Thematic mutual funds have caught the fancy of investors who want to ride on the high-growth, future-focused industries. Currently, two prominent themes capturing investor attention are the Defense sector and the Electric Vehicle (EV) industry.  

Both sectors are aligned with the government’s priorities and global megatrends like defence (with the ‘Atmanirbhar Bharat’ mission) and EVs (with the global clean mobility push). In this blog, we will explore which thematic bet is more suitable for long-term investors.

Why Defence Mutual Funds Are Attracting Attention

India ranks fifth in the world in military expenditure, and the government has been aggressively promoting indigenisation of defence manufacturing.  With policy reforms, FDI allowances, and increasing defence budgets, defence-oriented companies are witnessing strong order books and profit growth. Key driving forces of defence mutual funds are:

Government Push

Through initiatives such as the Defence Production and Export Promotion Policy (DPEPP 2020) and the “Make in India” initiative, the government is taking proactive steps to reduce reliance on imports and promote private sector participation in domestic production of defence products.

Rising Budgets

The Union Budget for 2025 allocated a budget of ₹6,81,210.27 crore to the defence sector, with a major focus on capital outlay for modernisation and new acquisitions.

Export Opportunities

India’s defence exports reached Rs 23,622 crore in FY2024-25, and the government has set an ambitious target of achieving annual defence exports of Rs 50,000 crore by 2029. This gives Indian defence companies access to world markets and adds another layer of growth to their revenue.

High Entry Barriers

Defence contracts are complicated, long-term, and require high levels of technical expertise and approvals.
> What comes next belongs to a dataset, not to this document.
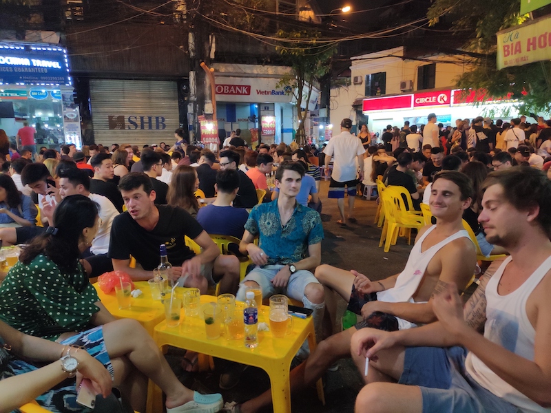 | Foreign tourists on Bia Hoi street. Photo: Kike |

This creates a strong moat, which makes it difficult for new entrants to compete, while existing companies continue to enjoy sustainable cash flows.

Private Sector Participation

Earlier dominated by public sector undertakings (PSUs), private players such as Bharat Forge, L&T Defence, and Tata Advanced Systems are now playing a bigger role, leading to better innovation and competitiveness in the defence sector.

Why EV Mutual Funds Are Generating Buzz

The EV revolution is one of the biggest global transitions in the mobility sector. In India, with government incentives, charging infrastructure expansion, and reducing battery costs, EV adoption is expected to skyrocket in the next decade. Major drivers of EV mutual funds are:

Policy Support

The FAME-II scheme, along with production-linked incentive (PLI) schemes for advanced chemistry cell (ACC) batteries and auto manufacturing, is aiding in the rapid adoption of EVs. State-level EV subsidies, tax benefits, and the rollout of charging infrastructure are also driving demand.

Demand Growth

India’s EV sales crossed 1 million units in FY25, primarily led by two- and three-wheelers. The government’s 2030 targets for EV penetration ensure long-term structural demand for companies in the EV value chain.

Technology Innovation

Advances in solid-state batteries, hydrogen fuel cells, and charging solutions will further accelerate EV adoption. Companies that invest early in R&D and partnerships with global leaders can gain a first-mover advantage in the EV segment.

Falling Costs

Lithium-ion battery costs have fallen by almost 90% in the past decade, and that decline in cost is expected to continue, making Lithium-ion batteries more affordable for EV manufacturers. Lower costs will make the EV market more competitive with internal combustion engine vehicles, leading to mass adoption of EV vehicles in India.

Which Thematic Option Looks Long Lasting?

Defence Funds could be attractive to investors looking for stability, predictable cash flows, and less volatility. With India’s strategic push towards becoming self-reliant, defence funds offer a compelling opportunity to capitalize on this government-backed demand.

EV Funds are for those investors who have a higher risk tolerance for generating potentially outsized gains. The EV transition is a global and irreversible phenomenon, but it is facing execution hurdles in India, making it a longer-duration, high volatility theme.

Conclusion

Both defence and EV mutual funds offer exciting opportunities, but the choice depends on an investor’s risk appetite and investment horizon. Defence funds offer stability with steady growth prospects, and EV funds are a high-risk, high-reward bet on India’s mobility transformation.

For most long-term investors, a balanced exposure (allocating some portion of investment in both themes to create a diversified portfolio) is the most prudent strategy.